Exercise

Enhance your understanding by getting hands-on practice ​by attempting these questions on the file system implementation!

We'll cover the following

Simulator

Use this simulator, vsfs.py, to study how file system state changes as various operations take place. The file system begins in an empty state, with just a root directory. As the simulation takes place, various operations are performed, thus slowly changing the on-disk state of the file system. See the previous lesson for details on how to interact with the simulator.

#! /usr/bin/env python

import random
from optparse import OptionParser

DEBUG = False

def dprint(str):
    if DEBUG:
        print str

printOps      = True
printState    = True
printFinal    = True

class bitmap:
    def __init__(self, size):
        self.size = size
        self.bmap = []
        for num in range(size):
            self.bmap.append(0)
        self.numAllocated = 0

    def alloc(self):
        for num in range(len(self.bmap)):
            if self.bmap[num] == 0:
                self.bmap[num] = 1
                self.numAllocated += 1
                return num
        return -1

    def free(self, num):
        assert(self.bmap[num] == 1)
        self.numAllocated -= 1
        self.bmap[num] = 0

    def markAllocated(self, num):
        assert(self.bmap[num] == 0)
        self.numAllocated += 1
        self.bmap[num] = 1

    def numFree(self):
        return self.size - self.numAllocated

    def dump(self):
        s = ''
        for i in range(len(self.bmap)):
            s += str(self.bmap[i])
        return s

class block:
    def __init__(self, ftype):
        assert(ftype == 'd' or ftype == 'f' or ftype == 'free')
        self.ftype = ftype
        # only for directories, properly a subclass but who cares
        self.dirUsed = 0
        self.maxUsed = 32
        self.dirList = []
        self.data    = ''

    def dump(self):
        if self.ftype == 'free':
            return '[]'
        elif self.ftype == 'd':
            rc = ''
            for d in self.dirList:
                # d is of the form ('name', inum)
                short = '(%s,%s)' % (d[0], d[1])
                if rc == '':
                    rc = short
                else:
                    rc += ' ' + short
            return '['+rc+']'
            # return '%s' % self.dirList
        else:
            return '[%s]' % self.data

    def setType(self, ftype):
        assert(self.ftype == 'free')
        self.ftype = ftype

    def addData(self, data):
        assert(self.ftype == 'f')
        self.data = data

    def getNumEntries(self):
        assert(self.ftype == 'd')
        return self.dirUsed

    def getFreeEntries(self):
        assert(self.ftype == 'd')
        return self.maxUsed - self.dirUsed

    def getEntry(self, num):
        assert(self.ftype == 'd')
        assert(num < self.dirUsed)
        return self.dirList[num]

    def addDirEntry(self, name, inum):
        assert(self.ftype == 'd')
        self.dirList.append((name, inum))
        self.dirUsed += 1
        assert(self.dirUsed <= self.maxUsed)
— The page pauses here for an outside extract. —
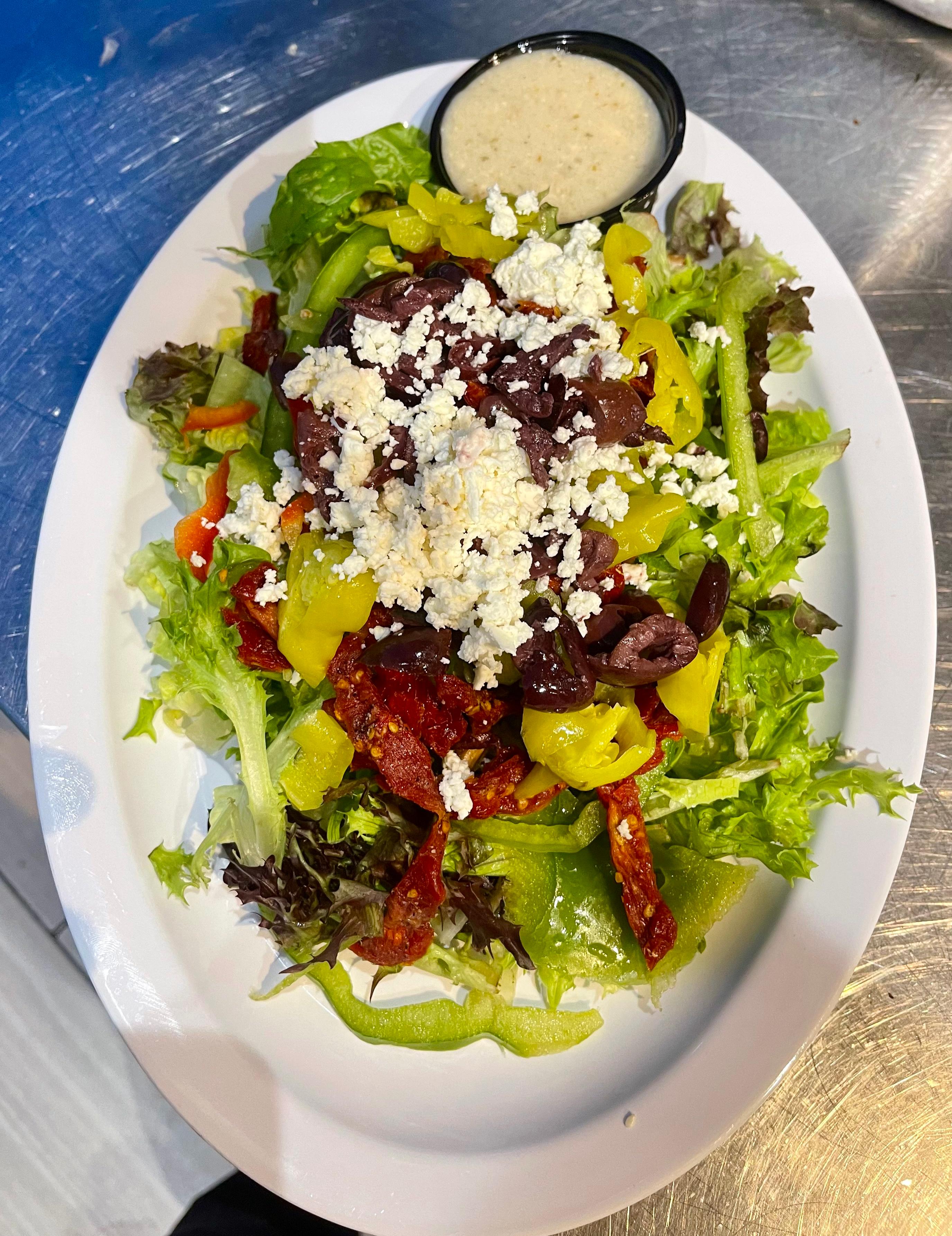 Mixed greens with sweet bell peppers, Greek olives, feta cheese, pepperoncini, and sun-dried tomatoes.

    def delDirEntry(self, name):
        assert(self.ftype == 'd')
        tname = name.split('/')
        dname = tname[len(tname) - 1]
        for i in range(len(self.dirList)):
            if self.dirList[i][0] == dname:
                self.dirList.pop(i)
                self.dirUsed -= 1
                return
        assert(1 == 0)

    def dirEntryExists(self, name):
        assert(self.ftype == 'd')
        for d in self.dirList:
            if name == d[0]:
                return True
        return False

    def free(self):
        assert(self.ftype != 'free')
        if self.ftype == 'd':
            # check for only dot, dotdot here
            assert(self.dirUsed == 2)
            self.dirUsed = 0
        self.data  = ''
        self.ftype = 'free'

class inode:
    def __init__(self, ftype='free', addr=-1, refCnt=1):
        self.setAll(ftype, addr, refCnt)

    def setAll(self, ftype, addr, refCnt):
        assert(ftype == 'd' or ftype == 'f' or ftype == 'free')
        self.ftype  = ftype
        self.addr   = addr
        self.refCnt = refCnt

    def incRefCnt(self):
        self.refCnt += 1

    def decRefCnt(self):
        self.refCnt -= 1

    def getRefCnt(self):
        return self.refCnt

    def setType(self, ftype):
        assert(ftype == 'd' or ftype == 'f' or ftype == 'free')
        self.ftype = ftype

    def setAddr(self, block):
        self.addr = block

    def getSize(self):
        if self.addr == -1:
            return 0
        else:
            return 1

    def getAddr(self):
        return self.addr

    def getType(self):
        return self.ftype

    def free(self):
        self.ftype = 'free'
        self.addr  = -1
        

class fs:
    def __init__(self, numInodes, numData):
        self.numInodes = numInodes
        self.numData   = numData
        
        self.ibitmap = bitmap(self.numInodes)
        self.inodes  = []
        for i in range(self.numInodes):
            self.inodes.append(inode())

        self.dbitmap = bitmap(self.numData)
        self.data    = []
        for i in range(self.numData):
            self.data.append(block('free'))
    
        # root inode
        self.ROOT = 0

        # create root directory
        self.ibitmap.markAllocated(self.ROOT)
        self.inodes[self.ROOT].setAll('d', 0, 2)
        self.dbitmap.markAllocated(self.ROOT)
        self.data[0].setType('d')
        self.data[0].addDirEntry('.',  self.ROOT)
        self.data[0].addDirEntry('..', self.ROOT)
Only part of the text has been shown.